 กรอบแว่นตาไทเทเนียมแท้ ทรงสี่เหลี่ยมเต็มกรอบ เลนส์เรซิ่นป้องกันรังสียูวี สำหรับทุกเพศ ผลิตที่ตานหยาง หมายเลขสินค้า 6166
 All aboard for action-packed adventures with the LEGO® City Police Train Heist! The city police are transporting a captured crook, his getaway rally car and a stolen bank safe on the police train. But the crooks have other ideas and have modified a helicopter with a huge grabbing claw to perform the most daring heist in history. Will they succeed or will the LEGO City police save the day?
--
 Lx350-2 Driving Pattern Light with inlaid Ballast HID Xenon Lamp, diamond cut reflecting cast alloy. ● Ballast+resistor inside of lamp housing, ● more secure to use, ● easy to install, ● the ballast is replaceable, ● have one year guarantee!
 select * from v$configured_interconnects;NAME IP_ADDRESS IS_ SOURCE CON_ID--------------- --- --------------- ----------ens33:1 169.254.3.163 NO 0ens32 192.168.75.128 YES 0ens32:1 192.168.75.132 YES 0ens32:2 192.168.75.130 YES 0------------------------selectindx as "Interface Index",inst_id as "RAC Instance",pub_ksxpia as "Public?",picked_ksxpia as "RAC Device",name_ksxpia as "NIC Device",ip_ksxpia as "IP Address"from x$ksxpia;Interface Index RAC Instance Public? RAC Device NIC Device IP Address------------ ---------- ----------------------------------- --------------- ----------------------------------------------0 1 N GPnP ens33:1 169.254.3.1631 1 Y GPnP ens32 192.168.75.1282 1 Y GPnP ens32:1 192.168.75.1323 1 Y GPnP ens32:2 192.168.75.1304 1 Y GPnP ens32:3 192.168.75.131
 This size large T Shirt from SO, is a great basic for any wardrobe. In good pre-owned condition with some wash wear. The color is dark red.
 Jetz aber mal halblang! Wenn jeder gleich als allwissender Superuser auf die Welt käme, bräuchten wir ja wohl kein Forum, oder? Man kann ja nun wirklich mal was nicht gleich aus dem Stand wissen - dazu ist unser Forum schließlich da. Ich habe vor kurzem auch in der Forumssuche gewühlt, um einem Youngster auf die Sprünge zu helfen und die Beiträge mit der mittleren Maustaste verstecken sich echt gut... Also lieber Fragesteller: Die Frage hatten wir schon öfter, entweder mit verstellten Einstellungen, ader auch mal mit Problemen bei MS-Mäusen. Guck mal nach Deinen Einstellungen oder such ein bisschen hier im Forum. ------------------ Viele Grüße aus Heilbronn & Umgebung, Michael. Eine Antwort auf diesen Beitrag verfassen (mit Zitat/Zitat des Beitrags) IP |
...
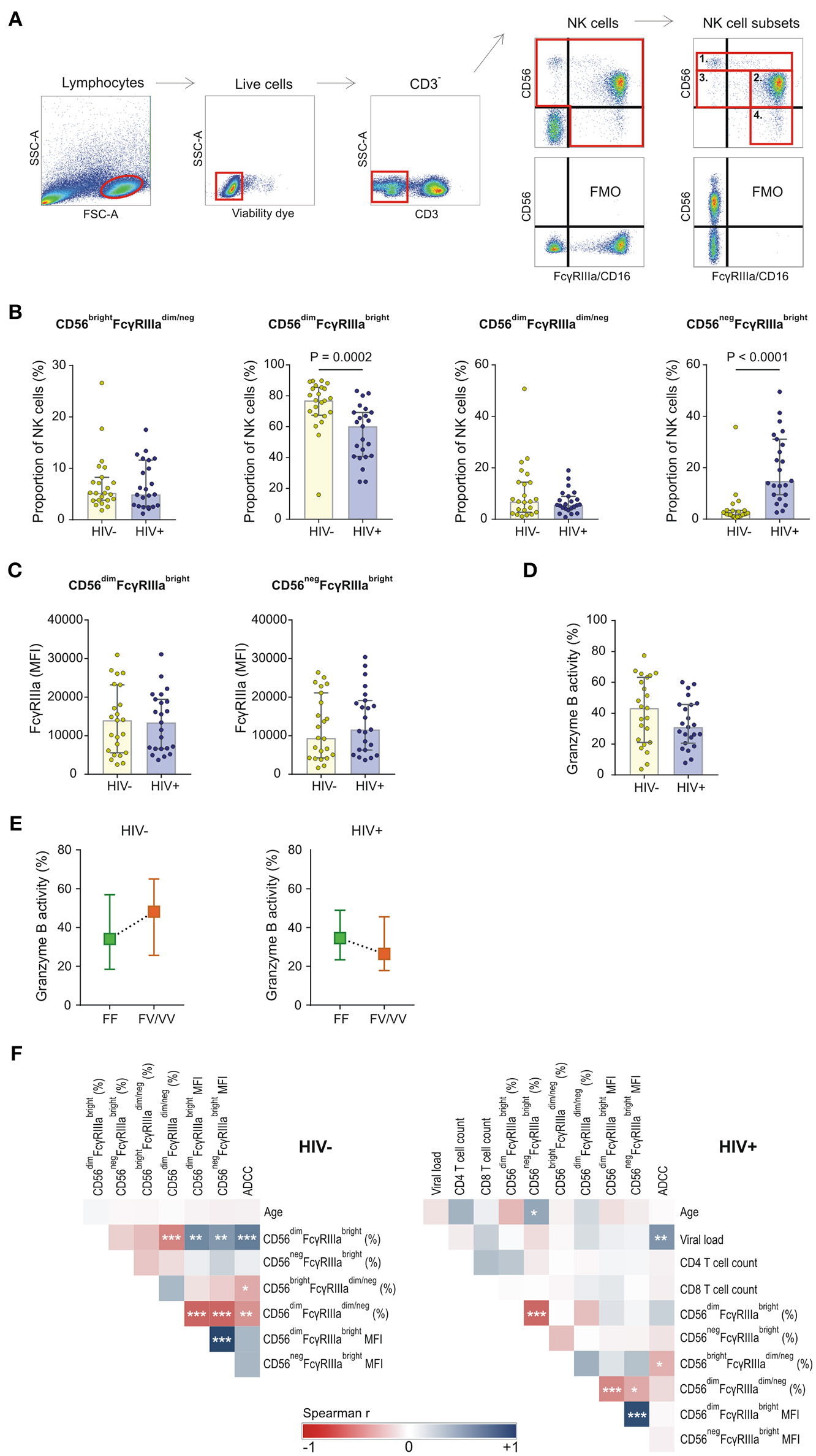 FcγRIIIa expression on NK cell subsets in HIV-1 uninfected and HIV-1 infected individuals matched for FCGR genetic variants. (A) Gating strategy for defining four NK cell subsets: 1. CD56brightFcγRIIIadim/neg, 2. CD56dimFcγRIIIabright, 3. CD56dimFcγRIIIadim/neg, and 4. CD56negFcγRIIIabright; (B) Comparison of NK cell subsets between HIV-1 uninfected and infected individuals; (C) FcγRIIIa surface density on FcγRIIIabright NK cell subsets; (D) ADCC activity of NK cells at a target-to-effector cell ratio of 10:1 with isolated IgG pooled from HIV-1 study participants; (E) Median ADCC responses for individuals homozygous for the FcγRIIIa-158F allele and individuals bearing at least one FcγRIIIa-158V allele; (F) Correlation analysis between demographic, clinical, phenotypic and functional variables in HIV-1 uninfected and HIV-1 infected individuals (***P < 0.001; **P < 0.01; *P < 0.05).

## [ACTION ITEM]
Would you print exactly and only the lines of the material above that run from the line with "select * from" through the line with "This size large", both included?

## [OUTPUT OF THE TASK]
 select * from v$configured_interconnects;NAME IP_ADDRESS IS_ SOURCE CON_ID--------------- --- --------------- ----------ens33:1 169.254.3.163 NO 0ens32 192.168.75.128 YES 0ens32:1 192.168.75.132 YES 0ens32:2 192.168.75.130 YES 0------------------------selectindx as "Interface Index",inst_id as "RAC Instance",pub_ksxpia as "Public?",picked_ksxpia as "RAC Device",name_ksxpia as "NIC Device",ip_ksxpia as "IP Address"from x$ksxpia;Interface Index RAC Instance Public? RAC Device NIC Device IP Address------------ ---------- ----------------------------------- --------------- ----------------------------------------------0 1 N GPnP ens33:1 169.254.3.1631 1 Y GPnP ens32 192.168.75.1282 1 Y GPnP ens32:1 192.168.75.1323 1 Y GPnP ens32:2 192.168.75.1304 1 Y GPnP ens32:3 192.168.75.131
 This size large T Shirt from SO, is a great basic for any wardrobe. In good pre-owned condition with some wash wear. The color is dark red.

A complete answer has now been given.